## Exercise requirements
Taking the line with "Do udziału w" as the first and the line with "LAMLICKA幾何小狗復古背心男款潮流痞帥無袖t恤藍色運動坎肩外穿" as the last, set down the lines below exactly, pictures excluded.

## Data in this exercise
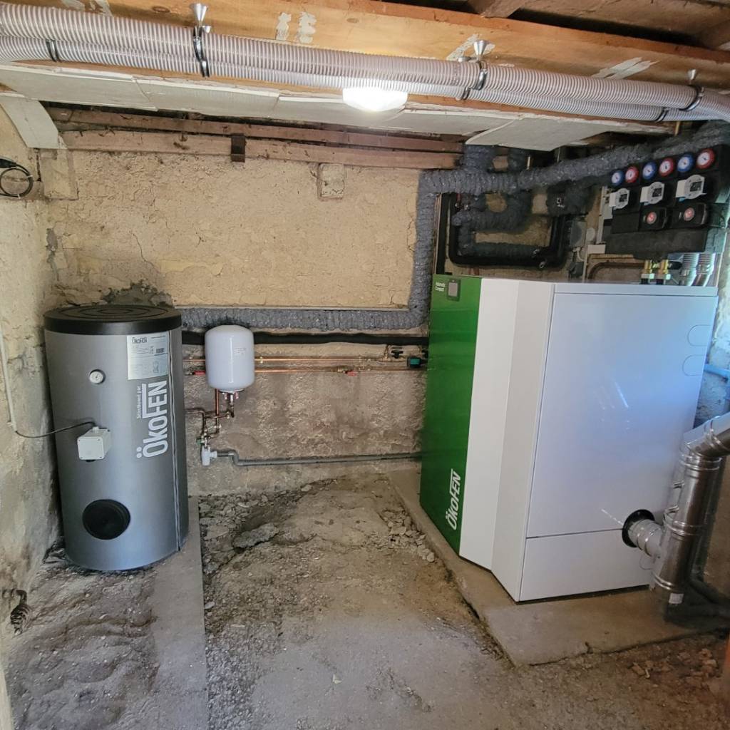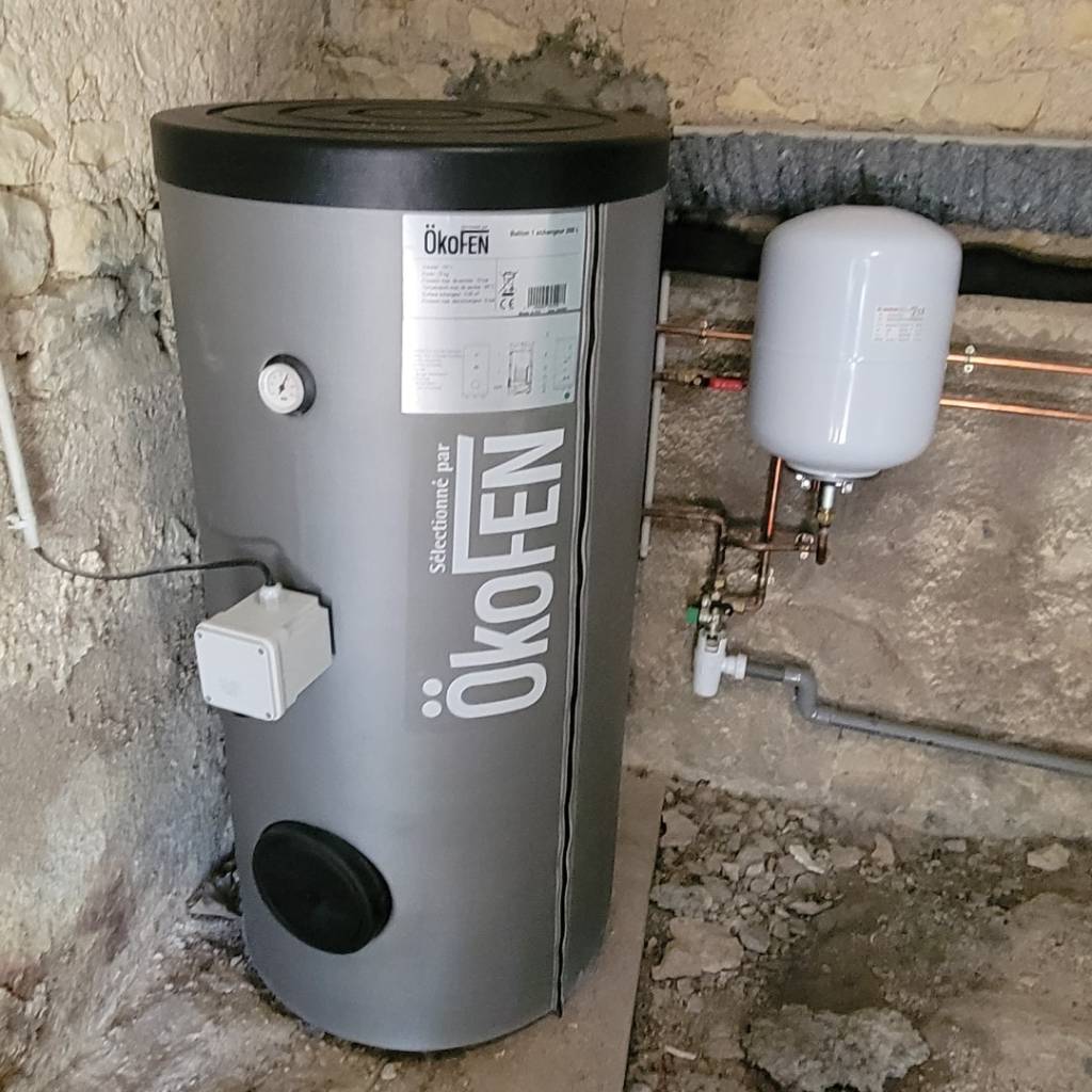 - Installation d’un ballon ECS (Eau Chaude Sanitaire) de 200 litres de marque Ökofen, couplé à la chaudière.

==

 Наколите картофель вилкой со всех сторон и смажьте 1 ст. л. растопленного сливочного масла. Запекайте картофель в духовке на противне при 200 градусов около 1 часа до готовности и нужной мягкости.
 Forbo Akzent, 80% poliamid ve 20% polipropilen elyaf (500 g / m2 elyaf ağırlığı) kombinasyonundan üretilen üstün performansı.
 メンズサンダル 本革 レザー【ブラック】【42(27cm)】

---

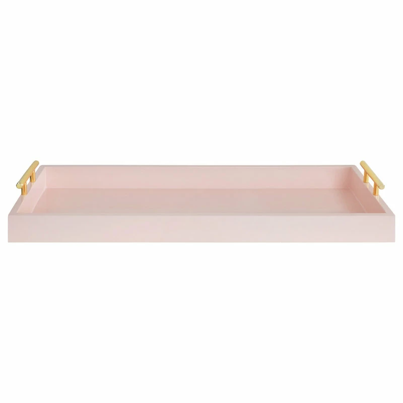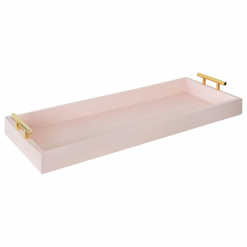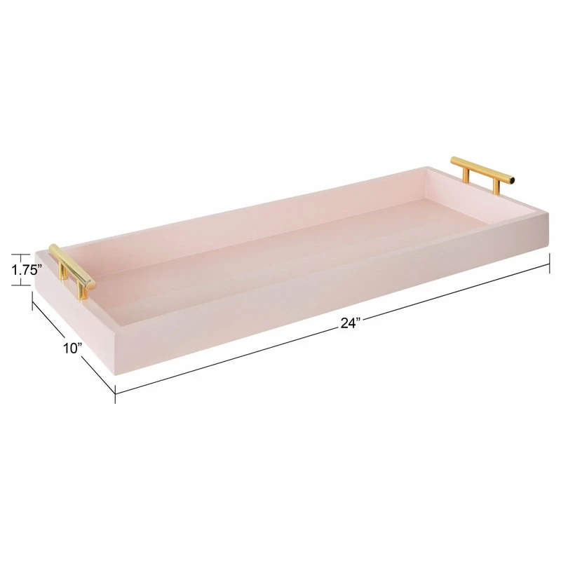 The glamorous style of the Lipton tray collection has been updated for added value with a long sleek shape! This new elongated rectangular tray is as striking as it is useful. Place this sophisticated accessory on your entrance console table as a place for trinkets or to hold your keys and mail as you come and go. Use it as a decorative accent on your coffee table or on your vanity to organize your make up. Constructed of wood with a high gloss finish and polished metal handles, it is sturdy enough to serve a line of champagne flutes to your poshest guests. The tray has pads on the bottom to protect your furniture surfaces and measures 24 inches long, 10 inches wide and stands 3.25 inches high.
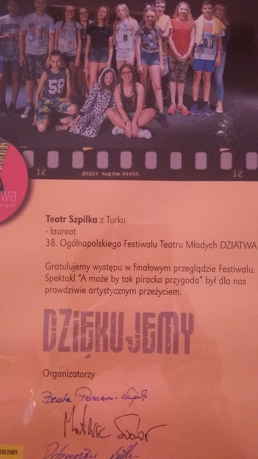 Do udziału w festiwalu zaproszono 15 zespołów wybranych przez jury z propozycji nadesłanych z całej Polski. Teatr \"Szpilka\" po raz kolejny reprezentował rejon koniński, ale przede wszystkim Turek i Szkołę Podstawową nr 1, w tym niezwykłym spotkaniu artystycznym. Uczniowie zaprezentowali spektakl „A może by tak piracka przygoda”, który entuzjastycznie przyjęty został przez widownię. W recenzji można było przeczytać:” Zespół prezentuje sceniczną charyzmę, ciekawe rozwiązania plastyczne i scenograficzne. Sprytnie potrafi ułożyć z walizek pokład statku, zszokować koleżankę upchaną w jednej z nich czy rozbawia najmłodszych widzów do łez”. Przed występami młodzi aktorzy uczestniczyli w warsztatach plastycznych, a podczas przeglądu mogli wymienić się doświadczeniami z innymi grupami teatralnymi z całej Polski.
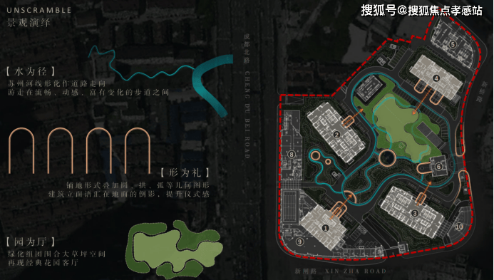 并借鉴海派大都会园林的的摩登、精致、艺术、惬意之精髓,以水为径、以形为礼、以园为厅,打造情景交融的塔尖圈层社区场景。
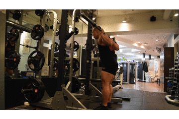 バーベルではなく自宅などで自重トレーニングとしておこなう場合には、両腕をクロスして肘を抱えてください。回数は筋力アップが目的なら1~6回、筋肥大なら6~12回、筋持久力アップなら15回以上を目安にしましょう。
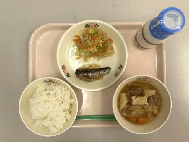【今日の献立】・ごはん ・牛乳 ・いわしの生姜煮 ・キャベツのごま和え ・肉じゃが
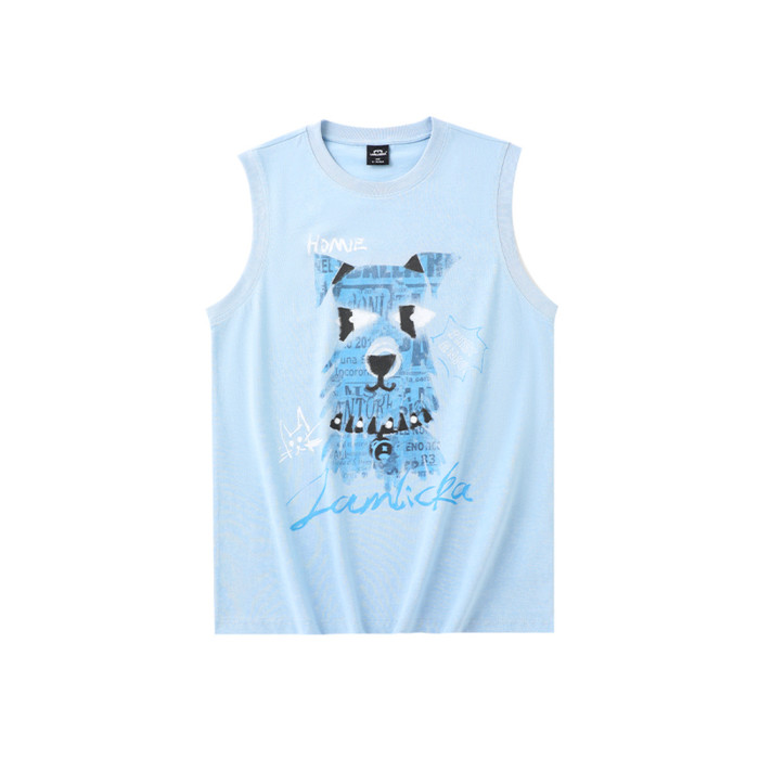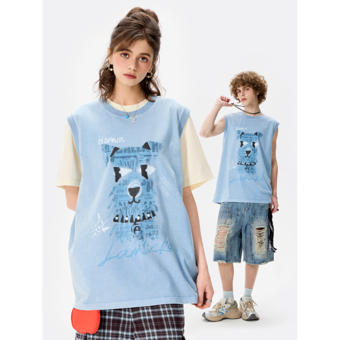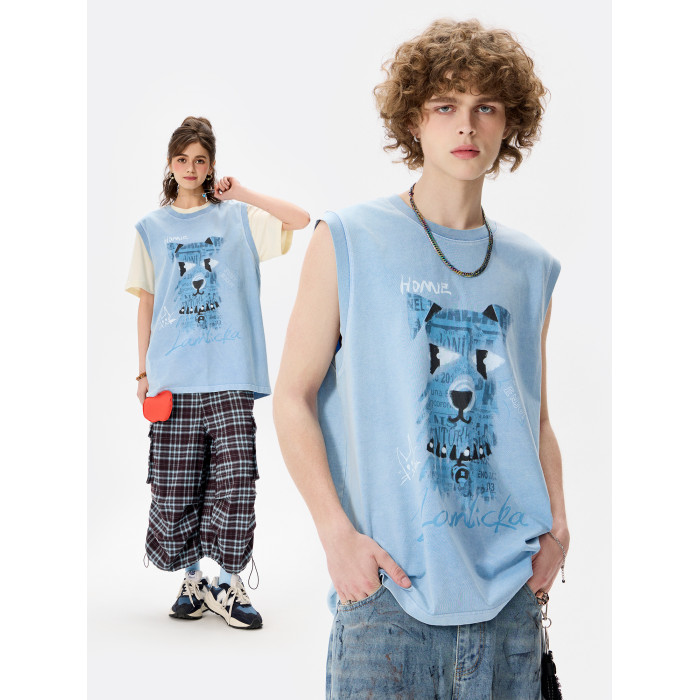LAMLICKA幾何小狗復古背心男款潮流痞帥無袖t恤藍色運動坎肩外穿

## Result of this exercise
 Do udziału w festiwalu zaproszono 15 zespołów wybranych przez jury z propozycji nadesłanych z całej Polski. Teatr \"Szpilka\" po raz kolejny reprezentował rejon koniński, ale przede wszystkim Turek i Szkołę Podstawową nr 1, w tym niezwykłym spotkaniu artystycznym. Uczniowie zaprezentowali spektakl „A może by tak piracka przygoda”, który entuzjastycznie przyjęty został przez widownię. W recenzji można było przeczytać:” Zespół prezentuje sceniczną charyzmę, ciekawe rozwiązania plastyczne i scenograficzne. Sprytnie potrafi ułożyć z walizek pokład statku, zszokować koleżankę upchaną w jednej z nich czy rozbawia najmłodszych widzów do łez”. Przed występami młodzi aktorzy uczestniczyli w warsztatach plastycznych, a podczas przeglądu mogli wymienić się doświadczeniami z innymi grupami teatralnymi z całej Polski.
 并借鉴海派大都会园林的的摩登、精致、艺术、惬意之精髓,以水为径、以形为礼、以园为厅,打造情景交融的塔尖圈层社区场景。
 バーベルではなく自宅などで自重トレーニングとしておこなう場合には、両腕をクロスして肘を抱えてください。回数は筋力アップが目的なら1~6回、筋肥大なら6~12回、筋持久力アップなら15回以上を目安にしましょう。
【今日の献立】・ごはん ・牛乳 ・いわしの生姜煮 ・キャベツのごま和え ・肉じゃが
LAMLICKA幾何小狗復古背心男款潮流痞帥無袖t恤藍色運動坎肩外穿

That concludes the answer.